In November of last year, the company asked a federal bankruptcy judge to discontinue retiree medical benefits after a deal had been negotiated between Kodak and a committee comprised of former workers to represent the thousands of retirees as a group. Their spokesperson was Bob Volpe, a retiree from Kodak who served as the human resources manager at the company for 32 years. The original plan was for Kodak to discontinue retiree health spending, in exchange for handing over the $635 million in unsecured claims payable by the company to the retirees. The committee representing the retirees announced the sale of the phantom $635 million worth of claims for a scanty $70 million to unnamed investors. The diminished figure plus an initial $7.5 million administrative payout are expected to cover only pre-Medicare and survivor income benefits for a short period.

As of January 2012, the Pension Benefit Guaranty Corporation (PBGC) has intervened in the Kodak retirees defined benefit pension plan. The PBGC is a federal agency created under the Employee Retirement Act 1974 (ERISA). The PBGC guarantees pensions for nearly 43 million people in the United States. The Board of Directors consists of the Secretaries of Commerce, Treasury and Labor with an advisory committee consisting of seven members with backgrounds in business and labor unions.

PBGC revenues come partly from charging premiums to the private companies with company-sponsored retirement benefit plans, collecting $2.2 billion in fiscal year 2012. These premium rates are set by the US Congress.

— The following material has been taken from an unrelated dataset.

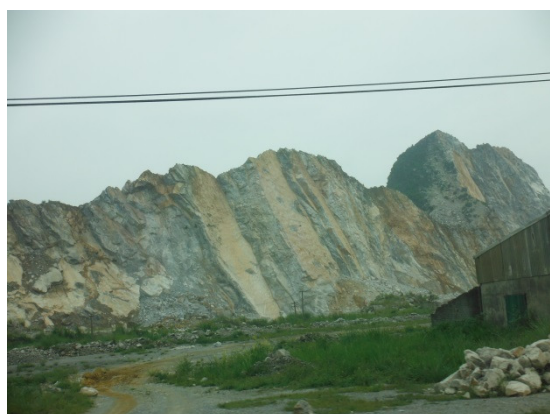
写真 添付①-19. 碎石場全景

The PBGC has warned they are set too low to cover the obligations left them by bankrupted companies. Congress passed legislation that will increase PBGC premiums in 2013. The insurance fund is perennially in deficit. Last year’s figures reveal that they are at record shortfalls. In the single-employer plan for last year, $105.6 billion in benefits obligations were matched by only $83 billion in assets and a deficit of $29 billion.

There are nearly 63,000 people covered in the Kodak pension plan. The PBGC stated that the plan was at 86 percent of full funding as of January 2012, when Kodak filed for bankruptcy. They also reported “Kodak’s pensions are reasonably well-funded and we want to make sure they stay that way. We will actively participate in the Kodak bankruptcy to protect the pension plans for their workers and retirees.” Since then, the funding for the pension has dropped to 74 percent. Some of the drop is attributable to early lump-sum buyouts by workers desperate to cash out while the funds are available. The PBGC this past September ceased this practice. Buyouts were favored initially by the company but won’t be offered again until the pension is fully funded.

The PBGC does not insure the money in the 401(k) plans of bankrupt companies. The 401(k) system was set up in 1978 as part of an IRS law to create personally-funded retirement accounts for individual workers. These are generally short-funded, due mainly to hardship withdrawals related to the general fall in workers’ standard of living. Often they are at the mercy of poor investment choices contained in their plans, channeling workers’ savings into Wall Street pockets. The following graph from the nonprofit Employee Benefit Research Institute illustrates the trend of the private sector companies switching to 401(k) plans from defined benefit pensions to lower their costs.

It is reasonable to expect that retiree benefits will shrink to appease the demand for the lower premiums made by corporations. The PBGC 2012 fiscal report revealed that companies’ interests will be considered primarily: “At the President’s direction, we’ve made changes to reform or reduce unnecessary regulatory requirements—and we’re planning even more. For sound companies and plans, we’re trying to reduce burdens (and premiums) and focus on companies and plans where there’s risk.”

Recently at a conference in Rochester for Kodak retirees, Carliss Rowe, who had 10 years with the company, said, “It is stressful now, because when you work at Kodak you believe everything is okay for life.